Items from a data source
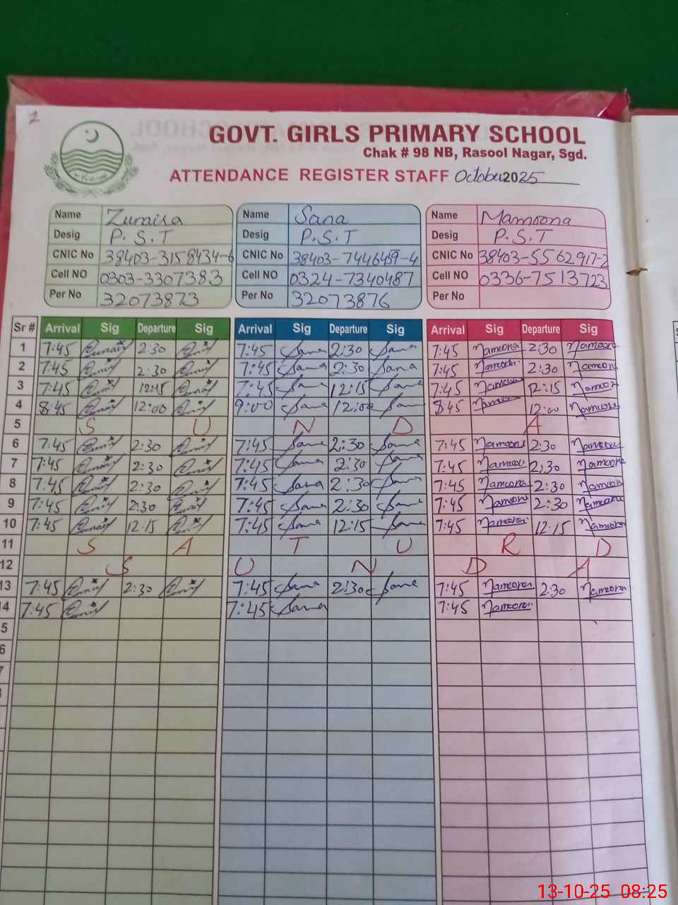 | CNIC | Full Name | Designation | R/C | Absence During Last Calender Month |
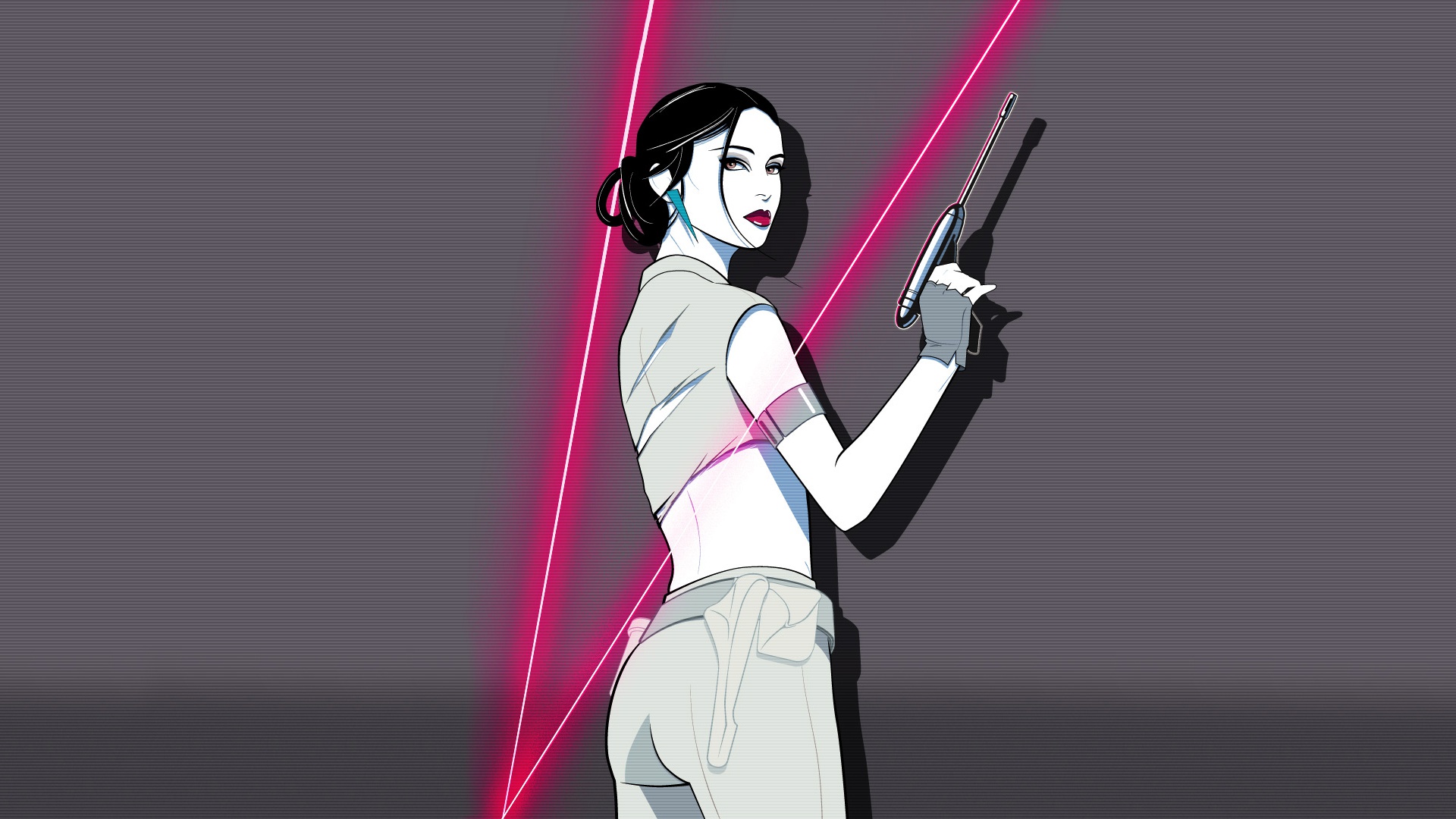 Description: A woman holding a gun and a cell phone in her hand with a laser light behind her and a pink light behind her.
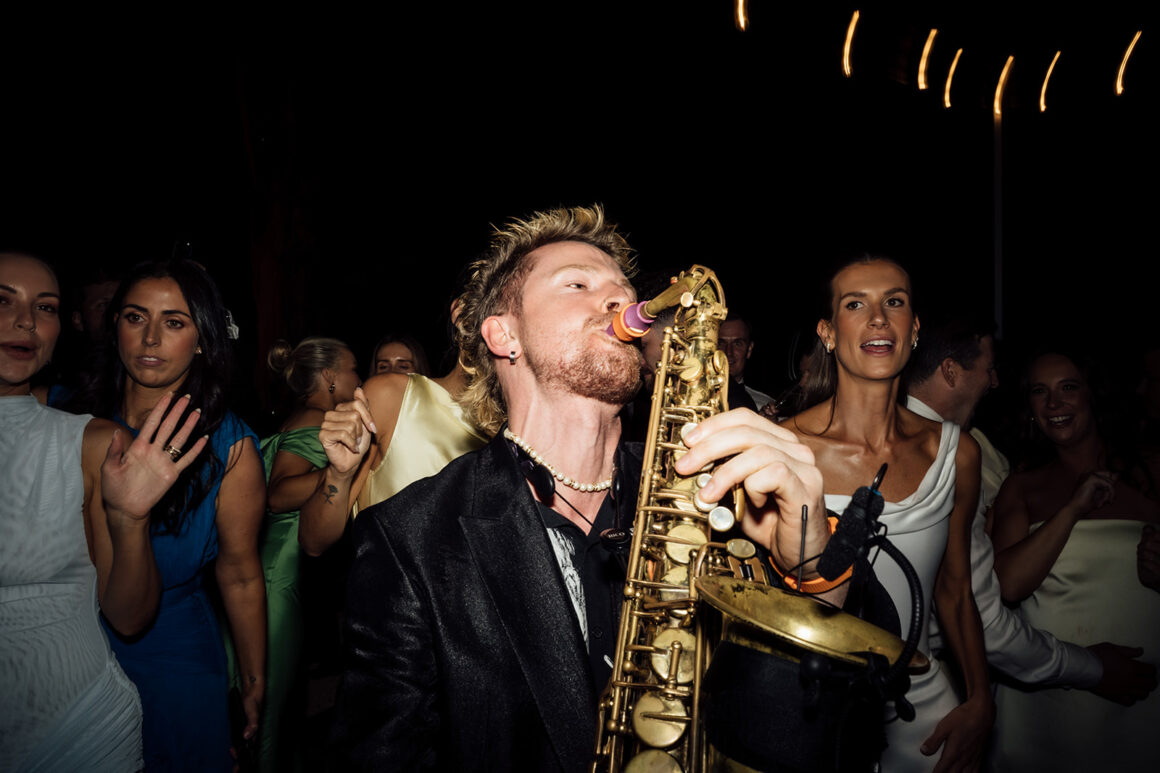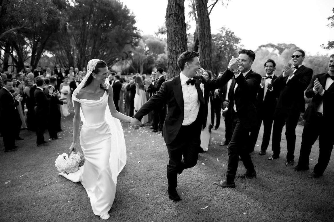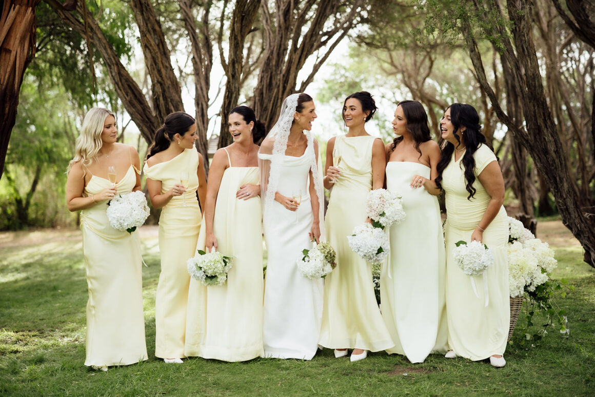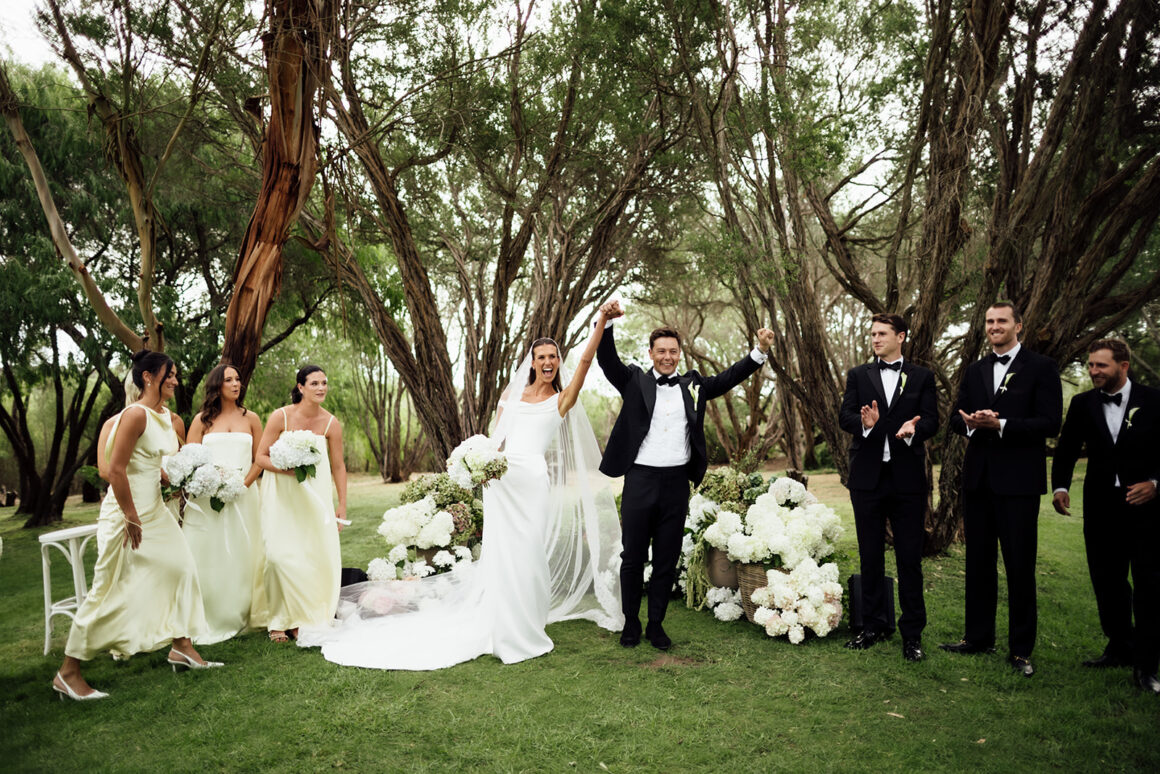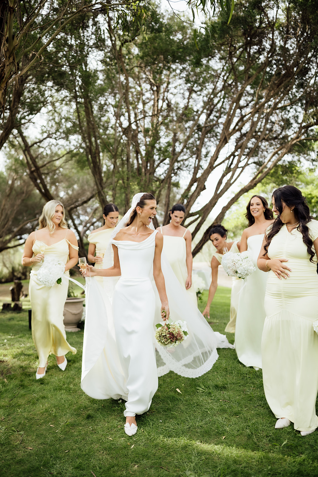 CONTRIBUTING VENDORS Photographer Liz Barnes Cinematographer For the Future Films Event Planner, Stylist & Marquee White Top Florist Estudyo Stationery Bella Quinn Venue Private Property Catering Finesse Catering Cake Maker The Naked Orange Lighting & Sound Hire Stuey Faymous Entertainment Jarrod Brez Celebrant Jordan Tunbridge THE BRIDE Bridal Gown & Veil Designer Bridal Haze Getting Ready Kat the Label Hair Blanca Beauty Makeup Olivia Florence Bridesmaid Dresses Natalie Rolt, Shona Joy, Camilla and Marc, Hansen & Gretel, By Nicola Bridesmaid Shoes Novo Bridesmaid Gifts Mecca, By Charlotte THE GROOM Suit, Jacket, Shirt, Pants, Suspenders, Tie & Cufflinks P. Johnson
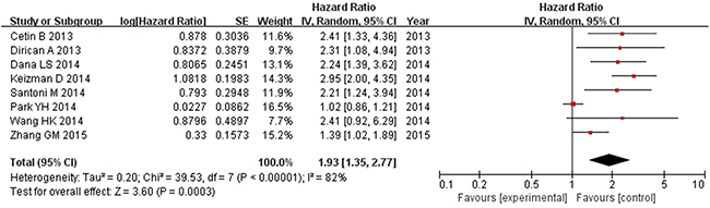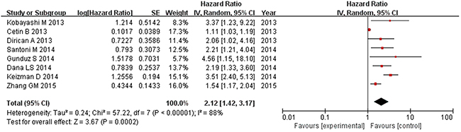 Prognostic outcomes, including OS and PFS, were quantitatively synthesized. The results of the meta-analysis are displayed in Figures 2 and 3. Heterogeneity is illustrated in each forest plot. In Figure 2, OS values were available from eight [11-13, 15-19] studies on renal cell carcinoma. The synthesized hazard risk favored the low NLR patients (pooled HR: 1.93, 95% CI: 1.35-2.77; P = 0.0003; I2 = 82%), which meant that patients with a higher NLR had a greater mortality risk than those with a low NLR. Figure 3 shows that eight [11-15, 17-19] studies provided sufficient data on PFS outcome. The pooled results showed significant superiority of a low NLR in renal cancer (pooled HR: 2.12, 95% CI: 1.42–3.17; P = 0.0002; I2 = 88%). Because high I2 values were found in the pooled analysis, sensitivity analysis of the estimated outcomes was also performed. This analysis shows that no pooled outcomes (neither OS nor PFS) were altered by removing any included study, and the I2 value stayed above 80% except after removing the study of Park et al. [16] from the OS estimate (I2 decreased to 41%), or removing the study from Cetin et al. [11] from the PFS estimate (I2 decreased to 56%).
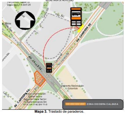 ● Los paraderos 065A06 - 065B06 - 065C06 - 065D06: se unificarán y trasladarán al paradero provisional 115A05 ubicado sobre la Av. Carrera 68 a 200 metros al Norte de la Av. Carrera 24 (Mapa 3).
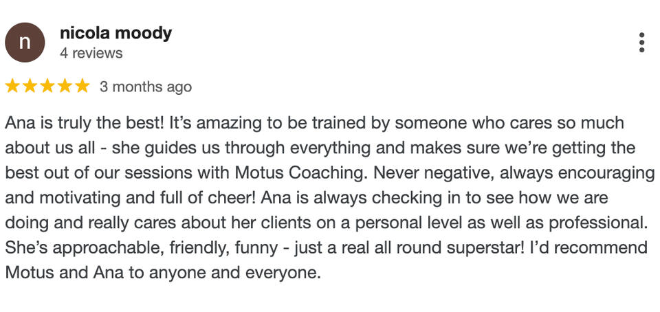 “Ana follows through on everything that she promises. We get a call once a week and talk about what you can do to support us. It just makes us kind of accountable as well. The support and motivation go beyond the gym.”
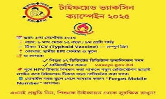এই টিকাদান কর্মসূচি শিশুদের জীবন বাঁচাতে এবং তাদের সুস্থ ভবিষ্যৎ নিশ্চিত করতে অত্যন্ত জরূরি। আমাদের টাইফয়েডের টিকা দানের লক্ষ্যমাত্রা ২ লক্ষ ২৬ হাজার।
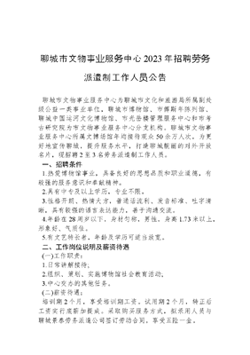 聊城市文物事业服务中心2023年招聘劳务派遣制工作人员公告.docx
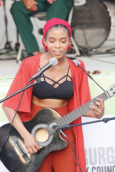 LEIA RHODES, performing at the Harambee Black Arts Festival, a three-day event that was held, Aug 3-5, in Homewood. (Photos by J.L. Martello)

WHAT TO WORK ON >> Reproduce the complete set of records verbatim and omit the pictures.

EXERCISE ANSWER >>
 | CNIC | Full Name | Designation | R/C | Absence During Last Calender Month |
 Description: A woman holding a gun and a cell phone in her hand with a laser light behind her and a pink light behind her.
 CONTRIBUTING VENDORS Photographer Liz Barnes Cinematographer For the Future Films Event Planner, Stylist & Marquee White Top Florist Estudyo Stationery Bella Quinn Venue Private Property Catering Finesse Catering Cake Maker The Naked Orange Lighting & Sound Hire Stuey Faymous Entertainment Jarrod Brez Celebrant Jordan Tunbridge THE BRIDE Bridal Gown & Veil Designer Bridal Haze Getting Ready Kat the Label Hair Blanca Beauty Makeup Olivia Florence Bridesmaid Dresses Natalie Rolt, Shona Joy, Camilla and Marc, Hansen & Gretel, By Nicola Bridesmaid Shoes Novo Bridesmaid Gifts Mecca, By Charlotte THE GROOM Suit, Jacket, Shirt, Pants, Suspenders, Tie & Cufflinks P. Johnson
 Prognostic outcomes, including OS and PFS, were quantitatively synthesized. The results of the meta-analysis are displayed in Figures 2 and 3. Heterogeneity is illustrated in each forest plot. In Figure 2, OS values were available from eight [11-13, 15-19] studies on renal cell carcinoma. The synthesized hazard risk favored the low NLR patients (pooled HR: 1.93, 95% CI: 1.35-2.77; P = 0.0003; I2 = 82%), which meant that patients with a higher NLR had a greater mortality risk than those with a low NLR. Figure 3 shows that eight [11-15, 17-19] studies provided sufficient data on PFS outcome. The pooled results showed significant superiority of a low NLR in renal cancer (pooled HR: 2.12, 95% CI: 1.42–3.17; P = 0.0002; I2 = 88%). Because high I2 values were found in the pooled analysis, sensitivity analysis of the estimated outcomes was also performed. This analysis shows that no pooled outcomes (neither OS nor PFS) were altered by removing any included study, and the I2 value stayed above 80% except after removing the study of Park et al. [16] from the OS estimate (I2 decreased to 41%), or removing the study from Cetin et al. [11] from the PFS estimate (I2 decreased to 56%).
 ● Los paraderos 065A06 - 065B06 - 065C06 - 065D06: se unificarán y trasladarán al paradero provisional 115A05 ubicado sobre la Av. Carrera 68 a 200 metros al Norte de la Av. Carrera 24 (Mapa 3).
 “Ana follows through on everything that she promises. We get a call once a week and talk about what you can do to support us. It just makes us kind of accountable as well. The support and motivation go beyond the gym.”
এই টিকাদান কর্মসূচি শিশুদের জীবন বাঁচাতে এবং তাদের সুস্থ ভবিষ্যৎ নিশ্চিত করতে অত্যন্ত জরূরি। আমাদের টাইফয়েডের টিকা দানের লক্ষ্যমাত্রা ২ লক্ষ ২৬ হাজার।
 聊城市文物事业服务中心2023年招聘劳务派遣制工作人员公告.docx
 LEIA RHODES, performing at the Harambee Black Arts Festival, a three-day event that was held, Aug 3-5, in Homewood. (Photos by J.L. Martello)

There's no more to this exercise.